[Stored entries]
=== Section Start ===

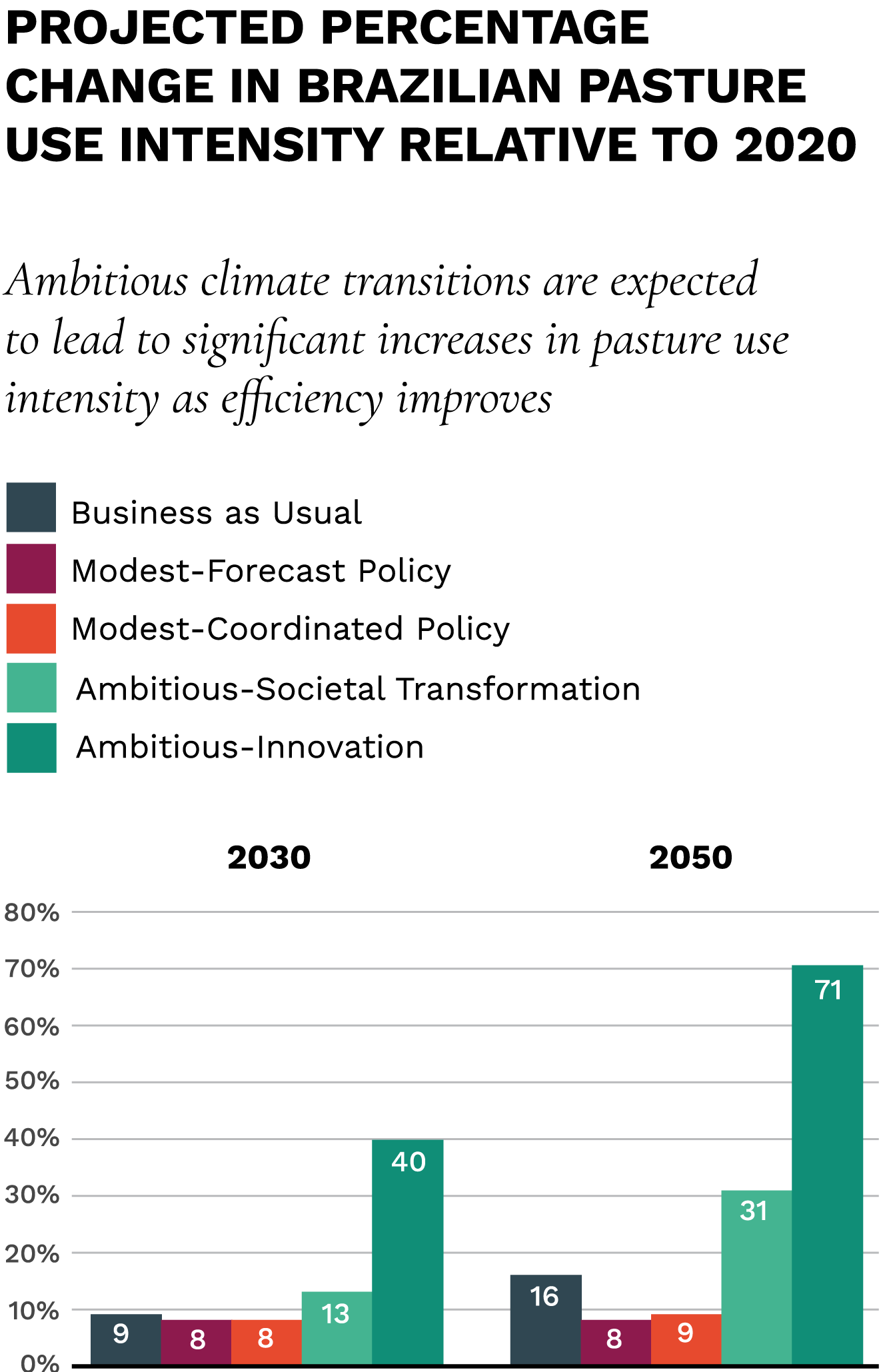 Possible decrease in available pastureland in Brazil compared to 2020 levels, an area larger than the size of Afghanistan.
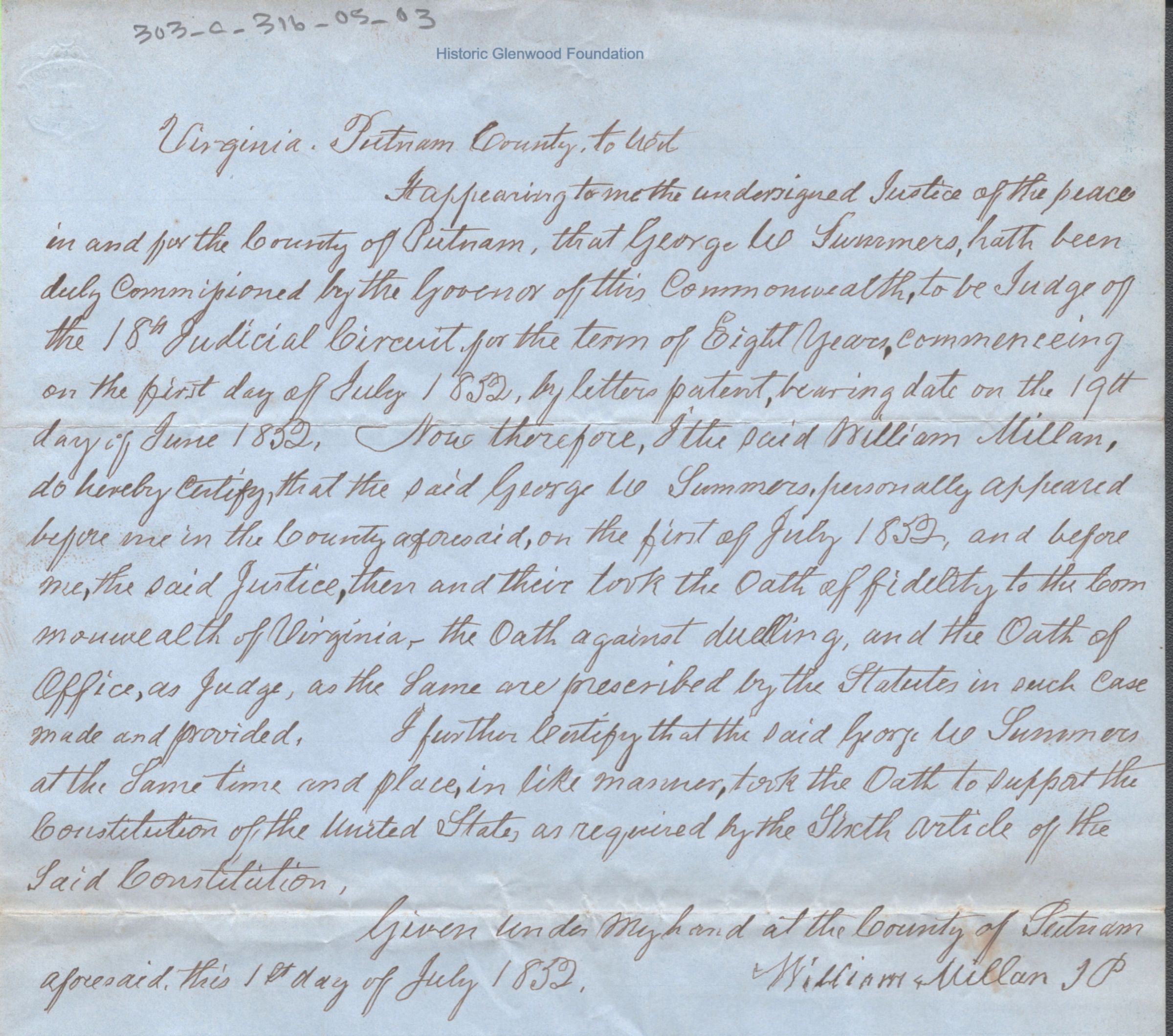 A handwritten certification by William Millan, Justice of the Peace for Putnam County, confirming that George W. Summers was officially sworn into office on July 1, 1852. The document notes that Summers took the required oaths of fidelity, the oath against duelling, the oath of office, and the oath to support the U.S. Constitution.Date(s) of Creation
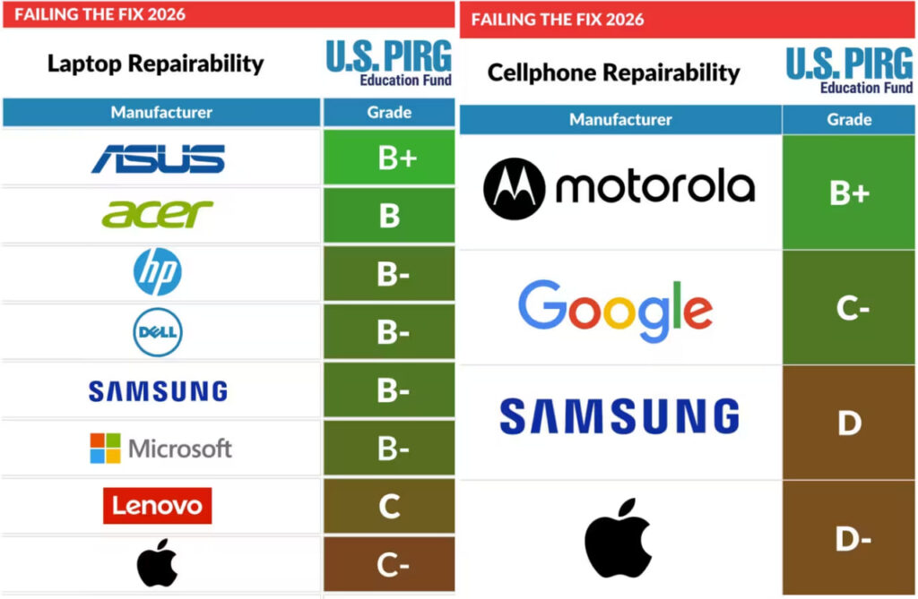 Hisobotda noutbuklar ham baholandi. Apple MacBook C- baho olib, eng past natijalardan birini qayd etdi. Lenovo ham past ko‘rsatkich bilan chiqdi.
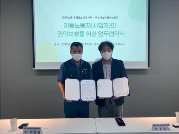 부천시소상공인연합회(회장 신방식)와 한국노총 부천김포지역지부(의장 박종현)은 이동노동자(사업자)의 권익보호를 위한 업무협약을 체결하고 쉼터를 비롯한 권익보호를 위한 사업에 함께 나서기로 했다.
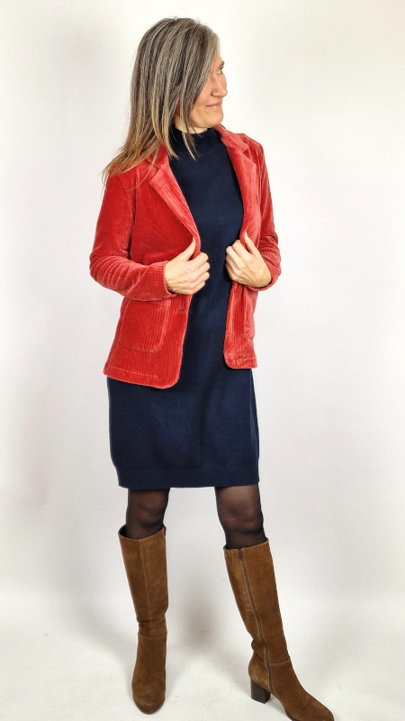 Op foto 1 draagt Evelien het jasje op een corduroy broek van Princesse nomade, op foto 2 een comfortabele combinatie met een bamboe jurk van ZILCH.
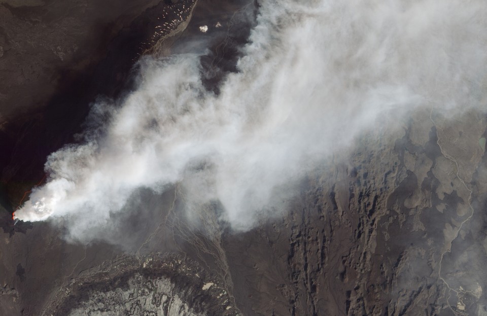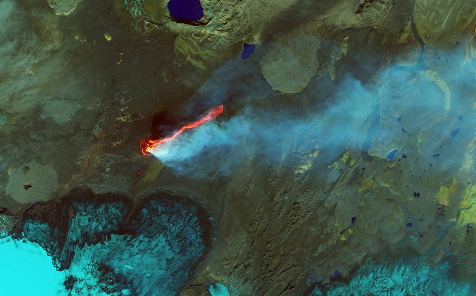 W rejonie islandzkiego wulkanu bardarbunga z jednej ze szczelin ciągle wydobywa się lawa.
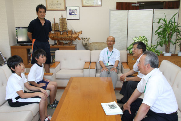 - 7月27日から姉妹都市の帯広市を訪問する松崎小学校6年生の代表が町長へ挨拶に訪れました。
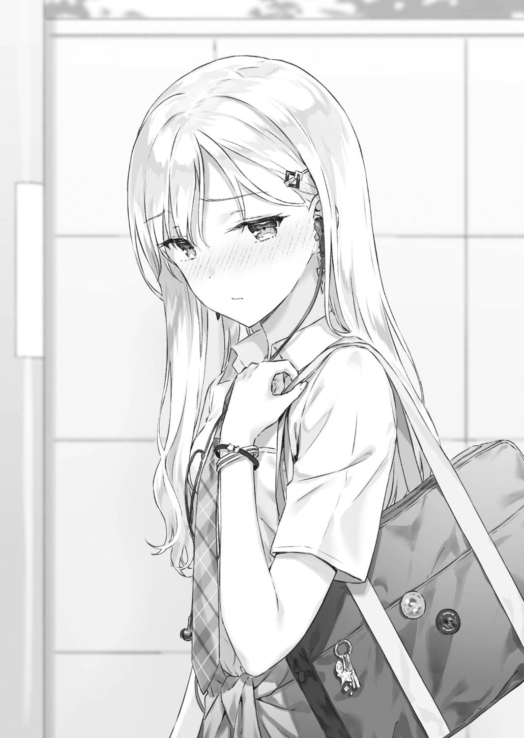 Ramalan cuaca hari ini menyatakan bahwa kemungkinan hujan adalah 60%, dan di bawah langit mendung, saya berjalan dengan cepat, ketika pandangan saya berhenti pada satu titik. Di tengah orang-orang yang menunggu di lampu merah perempatan, rambut pirang berkilauan melesat tepat ke mataku — Ayase-san. Aku bahkan bisa tahu dari punggungnya.
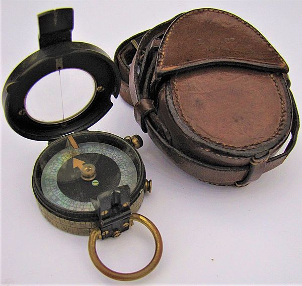 This example is in excellent issued condition. It is engrave 'B-L Made in Switzerland' on the base with serial number 27599 and a further nos 22637 stamped inside the lid. The base also carries a War department property mark arrow and the instrument is dated 1915 and it also retains its original anti slip ring which is often now missing from these compasses. It has a magnifying prism fitted for precise angle calculation for accurate target engagement. Whilst we can't guarantee the accuracy of the instrument it appears to be in good working order despite the 102 years since leaving the B-L factory and serving through at least one world war!
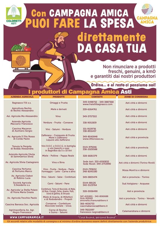 Questo l'elenco completo dei produttori agricoli Coldiretti Asti Campagna Amica che offrono già il servizio di consegna a domicilio della spesa. L’elenco sarà via via aggiornato sul sito web https://asti.coldiretti.it.

=== Section End ===

Work order: Above are records with pictures. Reproduce exactly only the lines from the line with "A handwritten certification" through the line with "- 7月27日から姉妹都市の", both ends included, and leave the pictures out.

Response area:
 A handwritten certification by William Millan, Justice of the Peace for Putnam County, confirming that George W. Summers was officially sworn into office on July 1, 1852. The document notes that Summers took the required oaths of fidelity, the oath against duelling, the oath of office, and the oath to support the U.S. Constitution.Date(s) of Creation
 Hisobotda noutbuklar ham baholandi. Apple MacBook C- baho olib, eng past natijalardan birini qayd etdi. Lenovo ham past ko‘rsatkich bilan chiqdi.
 부천시소상공인연합회(회장 신방식)와 한국노총 부천김포지역지부(의장 박종현)은 이동노동자(사업자)의 권익보호를 위한 업무협약을 체결하고 쉼터를 비롯한 권익보호를 위한 사업에 함께 나서기로 했다.
 Op foto 1 draagt Evelien het jasje op een corduroy broek van Princesse nomade, op foto 2 een comfortabele combinatie met een bamboe jurk van ZILCH.
 W rejonie islandzkiego wulkanu bardarbunga z jednej ze szczelin ciągle wydobywa się lawa.
 - 7月27日から姉妹都市の帯広市を訪問する松崎小学校6年生の代表が町長へ挨拶に訪れました。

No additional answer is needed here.